# Greetings from Mt. Ararat Lodge 44 in Bel Air MD.



## MDent (Nov 16, 2014)

Hello Brethren,

I was made a Mason in February of this year and raised to the sublime degree of Master Mason in August. it has been with great pleasure that I have enjoyed being brought to light in Masonry and established a great relationship with with the Brethren of my lodge. I look forward to spending some time hear and getting to know everyone.

Bro. Mike Dent
mt. Ararat Lodge 44
Bel Air MD.


----------



## Bro.

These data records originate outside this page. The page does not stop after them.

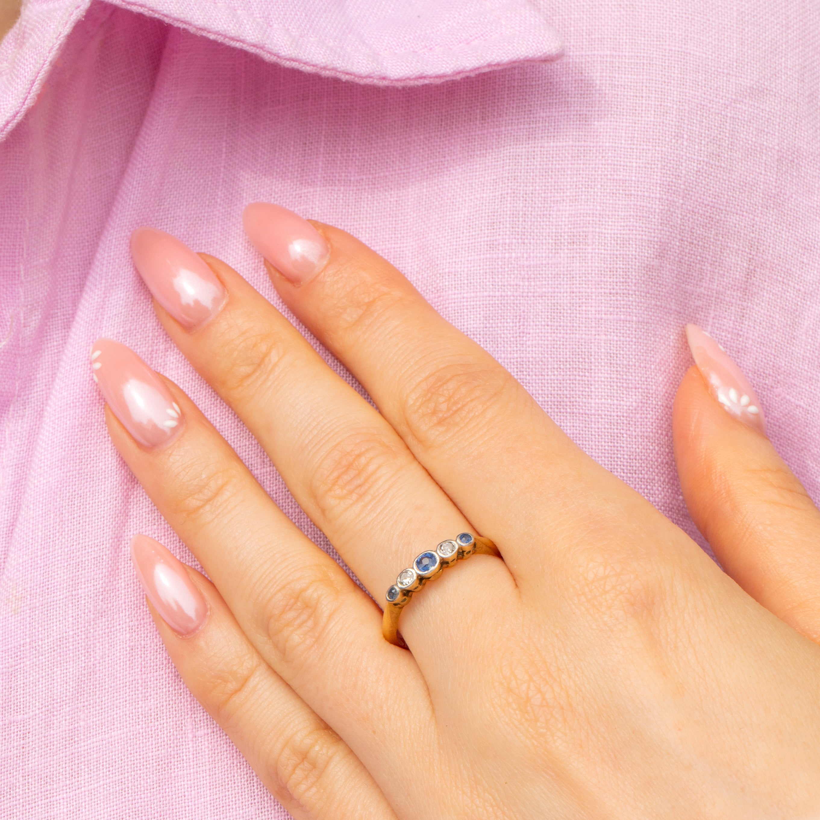 18ct Gold & Platinum Sapphire Diamond Five Stone Bezel Set Ring
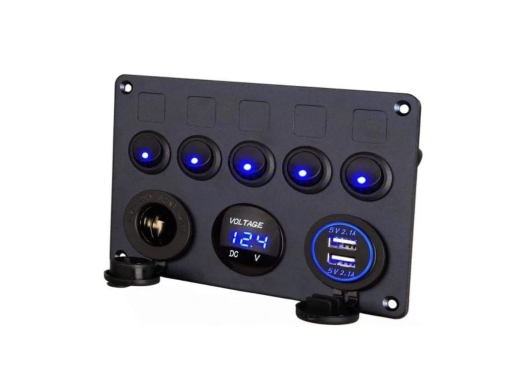 Panel s pěti 1pólovými vypínači s modrým prosvětlením, 2x zdířka USB 5V 2,1A, 1x napájecí zdířka 12V, 1x modře podsvětlený voltmetr.<BR/>45x samolepící štítek s různými nápisy na vypínač. <BR/><BR/>**Specifikace:** <BR/>Napájecí napětí: 12-24VDC <BR/>Rozměry panelu: 150x105mm <BR/><BR/>**Funkce:** <BR/>Přepínače jsou vybaveny kompletní kabeláží s mini auto pojistkami 15A. Samotný vypínač je dimenzován na 12V/20A a je jednopólový.Doplňkové parametry
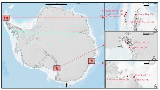Locations of Antarctic vegetation studies as listed in Table 2. The number of studies conducted at those sites is included in parentheses.
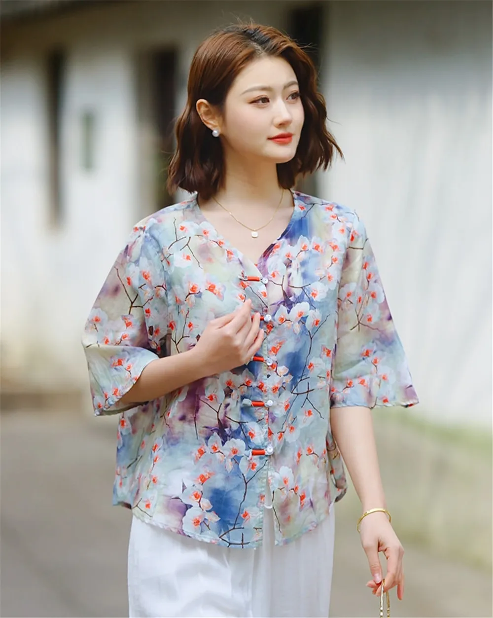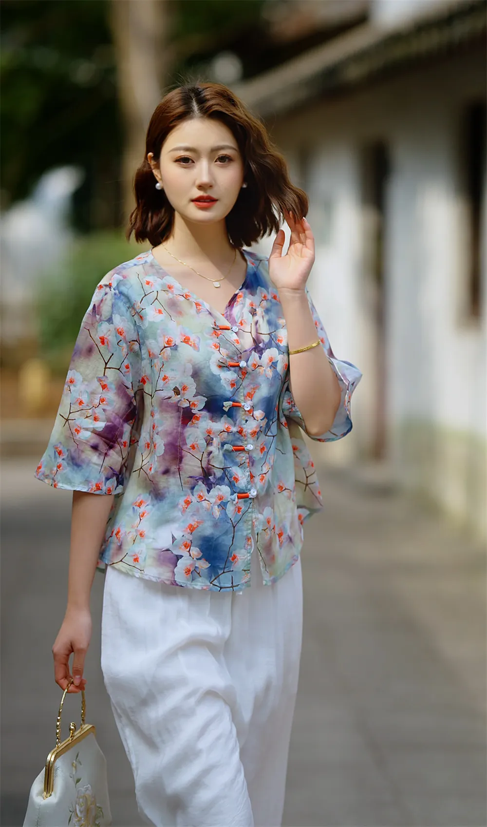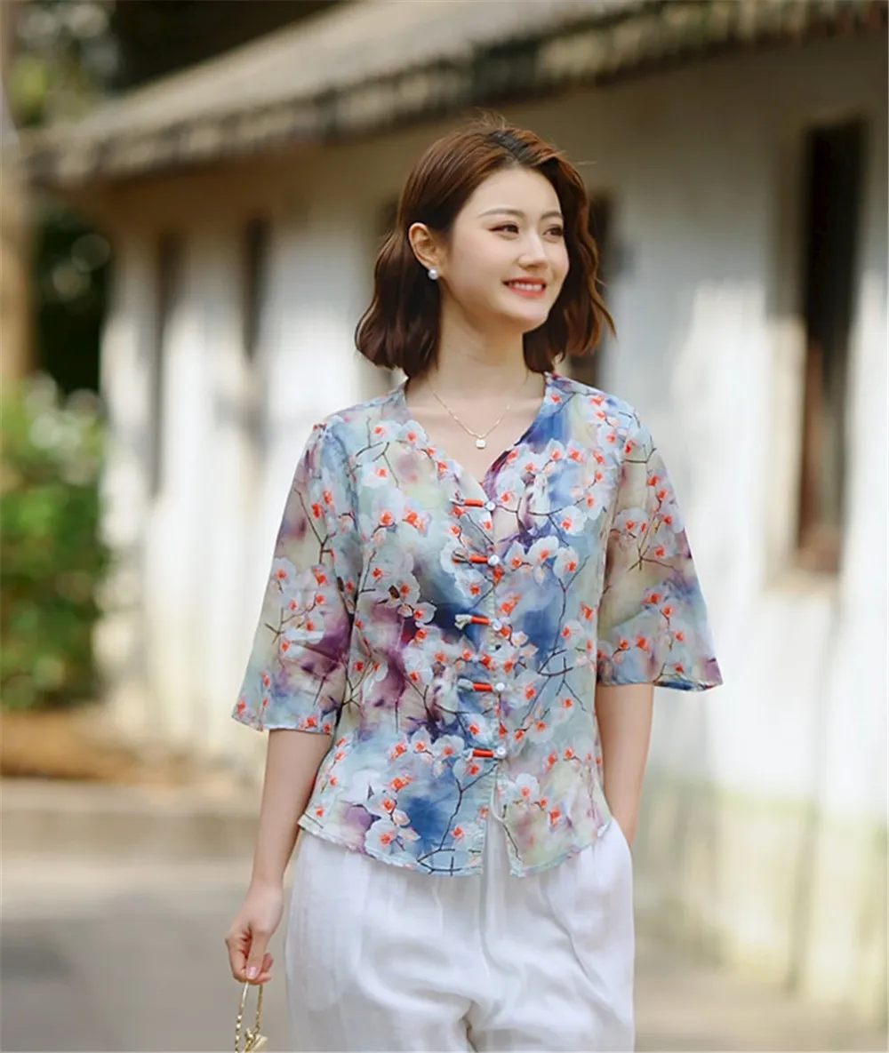 衣都精品- 新款復古數碼印花立領斜襟盤扣上衣

Stewart P.M. (Nov 17, 2014)

Welcome, Brother Mike!


----------



## KSigMason (Nov 17, 2014)

Greetings and welcome aboard.


----------



## MaineMason (Nov 17, 2014)

Greetings and welcome and congratulations on your raising, Bro. Dent! With fraternal greetings, 
MaineMason/Bro. Harris
Casco Loge # 36, Jr. Deacon
Cumberland/Mt. Vernon Chapter RAM #1
Massachusetts Consistory, 32nd Degree, Valley of Boston


----------



## MDent (Nov 17, 2014)

Thanks Brothers,

I am looking forward to getting to know everyone and joining in some of the discussions.


----------